(Recorded data begins)
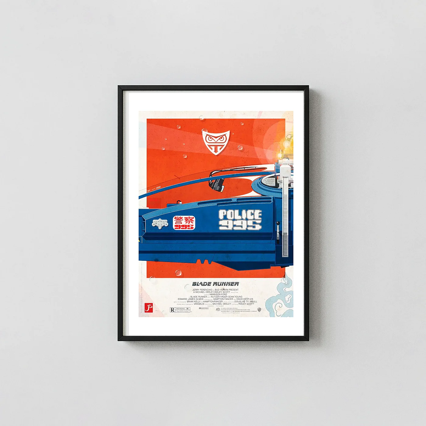 Step into the perpetually rainy, neon-drenched streets of future Los Angeles with this breathtaking *Blade Runner* poster, masterfully created by artist Jakob Staermose. This stunning piece focuses intently on the legendary LAPD Spinner, the flying police vehicle synonymous with Ridley Scott’s 1982 cyberpunk masterpiece. The vibrant blue chassis contrasts sharply against a stormy, orange backdrop, capturing the gritty yet beautiful dystopian atmosphere of the film. Detailed graphic elements, including the “POLICE 995” insignia, celebrate the distinct visual language that made *Blade Runner* a timeless cinematic achievement.
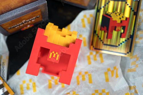 Fototapeta premium Bangkok, Thailand - April 10, 2025 : Fry Helmet Minecraft from McDonald, Toy...
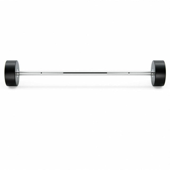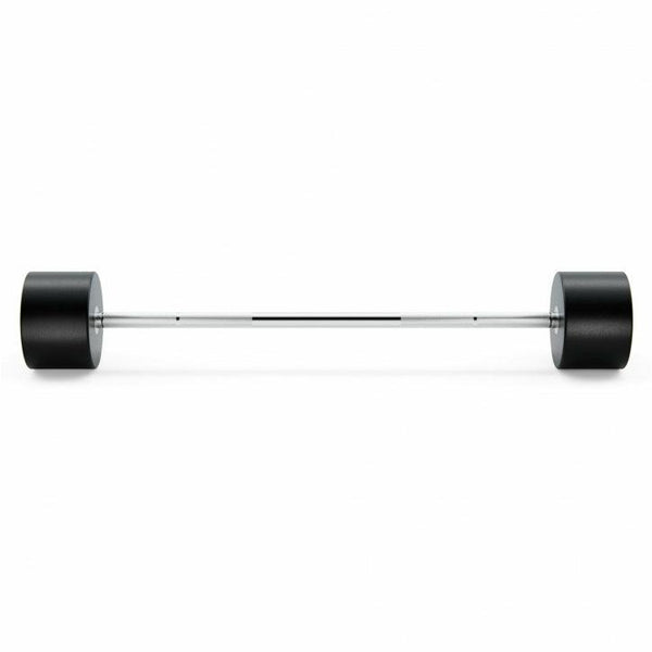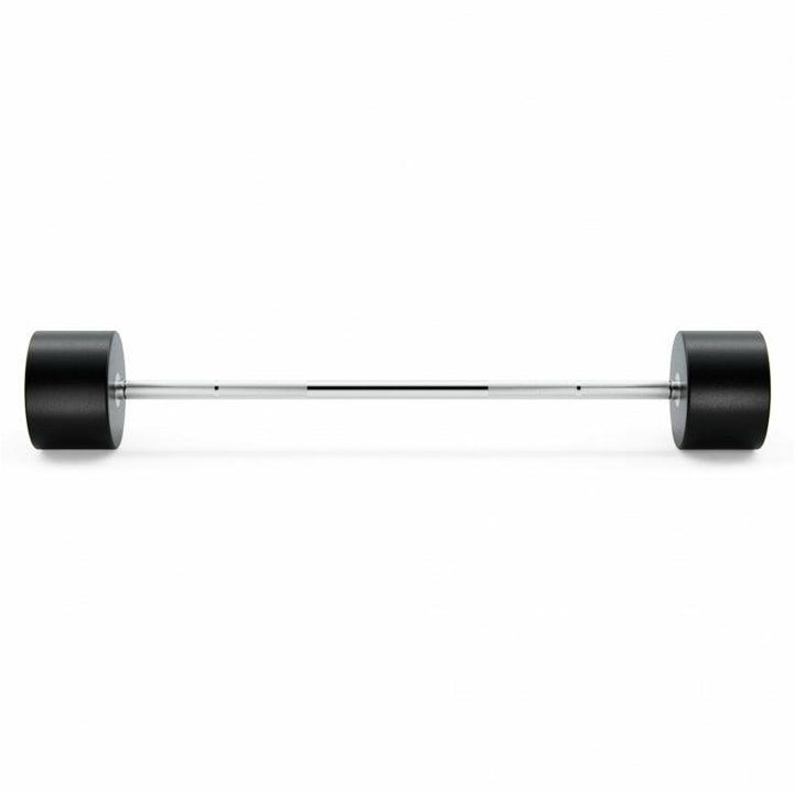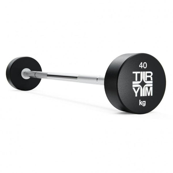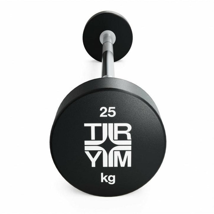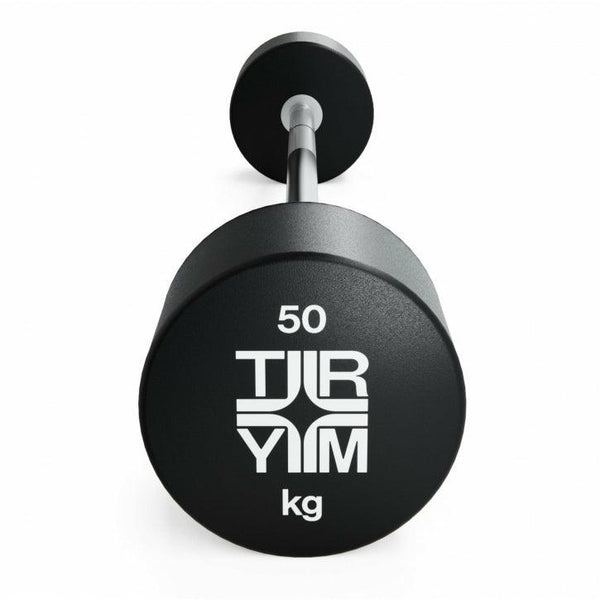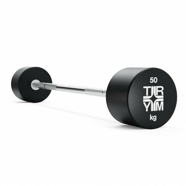 Bara preincarcata Trym este fabricata din cele mai bune materiale utilizate in fabricarea halterelor compacte. Capetele greutatii sunt formate din miezuri solide de otel acoperite cu poliuretan de inalta calitate. Spre deosebire de alte haltere PU sau haltere compacte, barele preincarcate sunt fabricate din CPU (poliuretan turnat) si nu TPU (poliuretan termoplastic). Avantajele CPU fata de alte materiale, cum ar fi cauciucul sau TPU, sunt rezistenta excelenta la uzura, rezistenta ridicata a materialului (de 3-5 ori mai mare decat cauciucul obisnuit), elasticitatea ridicata si absorbtia socurilor, ceea ce face barele preincarcate mai rezistente. Aceste proprietati fac materialul ideal pentru utilizarea in produse precum haltere, discuri de greutate si haltere compacte. Capetele de greutate ale barei preincarcate Trym sunt sudate la un maner drept cromat, formand o unitate solida. Manerul are o lungime de 890 mm, un diametru de 32 mm si ofera o aderenta buna datorita knurling/knurling. Capetele greutatilor au o suprafata neagra mata, cu un logo Trym alb integrat in centru si numere de greutate clar recognoscibile. Diametrul si grosimea greutatilor variaza in functie de unitatea de kilogram. Halterele compacte sunt disponibile de la 10 kg la 50 kg in trepte de 5 kg. Datorita proprietatilor excelente ale materialului, haltera nu numai ca este inodora si rezistenta la nivelare, dar isi pastreaza si forma pentru mai mult timp, chiar si la sarcini foarte mari.
(Recorded data ends)
→ Work to complete: Leave out the pictures and print every line of the data exactly.

→ Expected output:
 Step into the perpetually rainy, neon-drenched streets of future Los Angeles with this breathtaking *Blade Runner* poster, masterfully created by artist Jakob Staermose. This stunning piece focuses intently on the legendary LAPD Spinner, the flying police vehicle synonymous with Ridley Scott’s 1982 cyberpunk masterpiece. The vibrant blue chassis contrasts sharply against a stormy, orange backdrop, capturing the gritty yet beautiful dystopian atmosphere of the film. Detailed graphic elements, including the “POLICE 995” insignia, celebrate the distinct visual language that made *Blade Runner* a timeless cinematic achievement.
 Fototapeta premium Bangkok, Thailand - April 10, 2025 : Fry Helmet Minecraft from McDonald, Toy...
 Bara preincarcata Trym este fabricata din cele mai bune materiale utilizate in fabricarea halterelor compacte. Capetele greutatii sunt formate din miezuri solide de otel acoperite cu poliuretan de inalta calitate. Spre deosebire de alte haltere PU sau haltere compacte, barele preincarcate sunt fabricate din CPU (poliuretan turnat) si nu TPU (poliuretan termoplastic). Avantajele CPU fata de alte materiale, cum ar fi cauciucul sau TPU, sunt rezistenta excelenta la uzura, rezistenta ridicata a materialului (de 3-5 ori mai mare decat cauciucul obisnuit), elasticitatea ridicata si absorbtia socurilor, ceea ce face barele preincarcate mai rezistente. Aceste proprietati fac materialul ideal pentru utilizarea in produse precum haltere, discuri de greutate si haltere compacte. Capetele de greutate ale barei preincarcate Trym sunt sudate la un maner drept cromat, formand o unitate solida. Manerul are o lungime de 890 mm, un diametru de 32 mm si ofera o aderenta buna datorita knurling/knurling. Capetele greutatilor au o suprafata neagra mata, cu un logo Trym alb integrat in centru si numere de greutate clar recognoscibile. Diametrul si grosimea greutatilor variaza in functie de unitatea de kilogram. Halterele compacte sunt disponibile de la 10 kg la 50 kg in trepte de 5 kg. Datorita proprietatilor excelente ale materialului, haltera nu numai ca este inodora si rezistenta la nivelare, dar isi pastreaza si forma pentru mai mult timp, chiar si la sarcini foarte mari.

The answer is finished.